In time, I'm forced to settle down on the floor. With my legs sprawled out in front of me, I lean forward so that I can add another hair tie to the bun I wound up earlier.

Cal waits quietly. His stillness bothers me. In my periphery, I watch his tall legs, wearing his usual Adidas training pants. A corded, strong forearm rests across his notebook, currently closed.

Fine. He won't be the one speaking first.

He wants to unnerve me. Make me scared. I can only imagine what Bree and Tramy would do to Maven if they knew about our romantic status.

I don't think about what Shade would do if he found out. Which is why he doesn't need to.

"Cal," I say suddenly, tilting my head up. Bronze eyes meet mine, just like they did yesterday evening in the hot tub after Blonos exposed me. They don't look pleased, wearing warnings and many, many questions. "I didn't see you there. What's up?"

He has to see through my relaxed, blustering face.

From Maven's texts this afternoon, Cal continued to pester him about me after he returned from "Columbia." At some point, Maven locked the door to his bedroom and put on headphones so that he could ignore his brother and get through his calculus.

We never came up with a plan to explain what the hell is going on. After I agreed to be his girlfriend, Maven and I got sidetracked this morning in the shadows of Bryant Park. You know.

"I don't know, Mare." Cal's voice sounds as mocking as ever, but there's something different about it today. Maybe it's because Cal's no longer just exchanging fire with me but actually has reason not to like me. "What is up?" He enunciates each word.

"You must be frustrated," I tell Cal. His lips are turned up, but he's not smiling. Maybe I just never noticed it before, but his canines look sharper today. I feel smaller than usual in his presence, as he lounges across the stage floor with his precious folding chair at his back while every cell in my body is unimaginably tense. I haven't felt this nervous around him in a long time. "I hear your brother won't tell you what's going on between me and him."

Agreeing, Cal gives me a few nods of his head. "Yeah, I am frustrated. And confused.
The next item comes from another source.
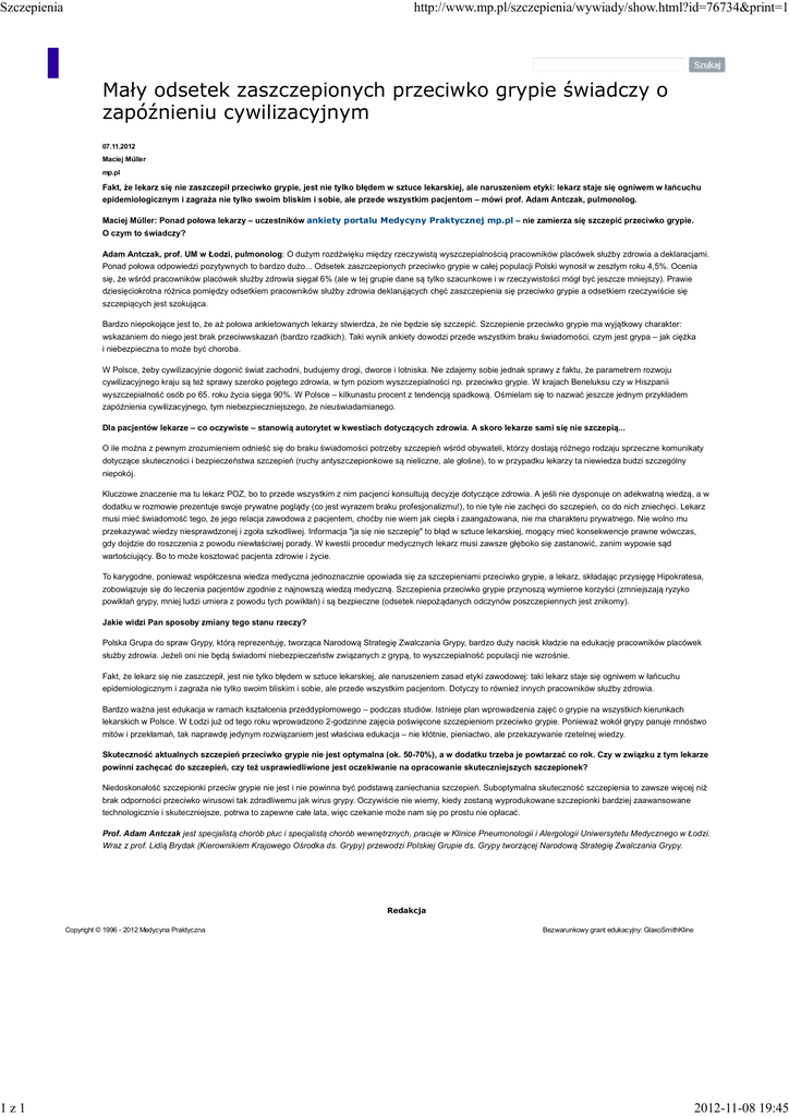 Szczepienia 1z1 http://www.mp.pl/szczepienia/wywiady/show.html?id=76734&print=1 Mały odsetek zaszczepionych przeciwko grypie świadczy o zapóźnieniu cywilizacyjnym 07.11.2012 Maciej Müller mp.pl Fakt, że lekarz się nie zaszczepił przeciwko grypie, jest nie tylko błędem w sztuce lekarskiej, ale naruszeniem etyki: lekarz staje się ogniwem w łańcuchu epidemiologicznym i zagraża nie tylko swoim bliskim i sobie, ale przede wszystkim pacjentom – mówi prof. Adam Antczak, pulmonolog. Maciej Müller: Ponad połowa lekarzy – uczestników ankiety portalu Medycyny Praktycznej mp.pl – nie zamierza się szczepić przeciwko grypie. O czym to świadczy? Adam Antczak, prof. UM w Łodzi, pulmonolog: O dużym rozdźwięku między rzeczywistą wyszczepialnością pracowników placówek służby zdrowia a deklaracjami. Ponad połowa odpowiedzi pozytywnych to bardzo dużo... Odsetek zaszczepionych przeciwko grypie w całej populacji Polski wynosił w zeszłym roku 4,5%. Ocenia się, że wśród pracowników placówek służby zdrowia sięgał 6% (ale w tej grupie dane są tylko szacunkowe i w rzeczywistości mógł być jeszcze mniejszy). Prawie dziesięciokrotna różnica pomiędzy odsetkiem pracowników służby zdrowia deklarujących chęć zaszczepienia się przeciwko grypie a odsetkiem rzeczywiście się szczepiących jest szokująca. Bardzo niepokojące jest to, że aż połowa ankietowanych lekarzy stwierdza, że nie będzie się szczepić. Szczepienie przeciwko grypie ma wyjątkowy charakter: wskazaniem do niego jest brak przeciwwskazań (bardzo rzadkich). Taki wynik ankiety dowodzi przede wszystkim braku świadomości, czym jest grypa – jak ciężka i niebezpieczna to może być choroba. W Polsce, żeby cywilizacyjnie dogonić świat zachodni, budujemy drogi, dworce i lotniska. Nie zdajemy sobie jednak sprawy z faktu, że parametrem rozwoju cywilizacyjnego kraju są też sprawy szeroko pojętego zdrowia, w tym poziom wyszczepialności np. przeciwko grypie. W krajach Beneluksu czy w Hiszpanii wyszczepialność osób po 65. roku życia sięga 90%. W Polsce – kilkunastu procent z tendencją spadkową. Ośmielam się to nazwać jeszcze jednym przykładem zapóźnienia cywilizacyjnego, tym niebezpieczniejszego, że nieuświadamianego. Dla pacjentów lekarze – co oczywiste – stanowią autorytet w kwestiach dotyczących zdrowia. A skoro lekarze sami się nie szczepią... O ile można z pewnym zrozumieniem odnieść się do braku świadomości potrzeby szczepień wśród obywateli, którzy dostają różnego rodzaju sprzeczne komunikaty dotyczące skuteczności i bezpieczeństwa szczepień (ruchy antyszczepionkowe są nieliczne, ale głośne), to w przypadku lekarzy ta niewiedza budzi szczególny niepokój. Kluczowe znaczenie ma tu lekarz POZ, bo to przede wszystkim z nim pacjenci konsultują decyzje dotyczące zdrowia. A jeśli nie dysponuje on adekwatną wiedzą, a w dodatku w rozmowie prezentuje swoje prywatne poglądy (co jest wyrazem braku profesjonalizmu!), to nie tyle nie zachęci do szczepień, co do nich zniechęci. Lekarz musi mieć świadomość tego, że jego relacja zawodowa z pacjentem, choćby nie wiem jak ciepła i zaangażowana, nie ma charakteru prywatnego. Nie wolno mu przekazywać wiedzy niesprawdzonej i zgoła szkodliwej. Informacja "ja się nie szczepię" to błąd w sztuce lekarskiej, mogący mieć konsekwencje prawne wówczas, gdy dojdzie do roszczenia z powodu niewłaściwej porady. W kwestii procedur medycznych lekarz musi zawsze głęboko się zastanowić, zanim wypowie sąd wartościujący. Bo to może kosztować pacjenta zdrowie i życie. To karygodne, ponieważ współczesna wiedza medyczna jednoznacznie opowiada się za szczepieniami przeciwko grypie, a lekarz, składając przysięgę Hipokratesa, zobowiązuje się do leczenia pacjentów zgodnie z najnowszą wiedzą medyczną. Szczepienia przeciwko grypie przynoszą wymierne korzyści (zmniejszają ryzyko powikłań grypy, mniej ludzi umiera z powodu tych powikłań) i są bezpieczne (odsetek niepożądanych odczynów poszczepiennych jest znikomy). Jakie widzi Pan sposoby zmiany tego stanu rzeczy? Polska Grupa do spraw Grypy, którą reprezentuję, tworząca Narodową Strategię Zwalczania Grypy, bardzo duży nacisk kładzie na edukację pracowników placówek służby zdrowia. Jeżeli oni nie będą świadomi niebezpieczeństw związanych z grypą, to wyszczepialność populacji nie wzrośnie. Fakt, że lekarz się nie zaszczepił, jest nie tylko błędem w sztuce lekarskiej, ale naruszeniem zasad etyki zawodowej: taki lekarz staje się ogniwem w łańcuchu epidemiologicznym i zagraża nie tylko swoim bliskim i sobie, ale przede wszystkim pacjentom. Dotyczy to również innych pracowników służby zdrowia. Bardzo ważna jest edukacja w ramach kształcenia przeddyplomowego – podczas studiów. Istnieje plan wprowadzenia zajęć o grypie na wszystkich kierunkach lekarskich w Polsce. W Łodzi już od tego roku wprowadzono 2-godzinne zajęcia poświęcone szczepieniom przeciwko grypie. Ponieważ wokół grypy panuje mnóstwo mitów i przekłamań, tak naprawdę jedynym rozwiązaniem jest właściwa edukacja – nie kłótnie, pieniactwo, ale przekazywanie rzetelnej wiedzy. Skuteczność aktualnych szczepień przeciwko grypie nie jest optymalna (ok. 50-70%), a w dodatku trzeba je powtarzać co rok. Czy w związku z tym lekarze powinni zachęcać do szczepień, czy też usprawiedliwione jest oczekiwanie na opracowanie skuteczniejszych szczepionek? Niedoskonałość szczepionki przeciw grypie nie jest i nie powinna być podstawą zaniechania szczepień. Suboptymalna skuteczność szczepienia to zawsze więcej niż brak odporności przeciwko wirusowi tak zdradliwemu jak wirus grypy. Oczywiście nie wiemy, kiedy zostaną wyprodukowane szczepionki bardziej zaawansowane technologicznie i skuteczniejsze, potrwa to zapewne całe lata, więc czekanie może nam się po prostu nie opłacać. Prof. Adam Antczak je

And extraordinarily unhappy that you lied to me on Friday night when you said that you didn't have a secret boyfriend."

Any misstep in this conversation could result in unwanted pushups.

Cal's eyes burn me, but at the same time, it doesn't feel like I can look away from them.

"I didn't lie to you," I tell him. "Maven was never my secret boyfriend."

"Oh, yeah. Friends who kiss, right?" Cal repeats.

I nod, up and down, up and down, hoping that Cal will come up with something to say.

He doesn't. It seems impossible for somebody to be able to tear me apart with only their eyes, but Cal does it anyway. I start to wonder if he's somehow finding his answers in my eyes, my slight movements, my ticks.

"He held my hand for the first time three weeks ago," I tell him, blurting. My heart pounds unreasonably fast, and unthinking words fly out of my mouth.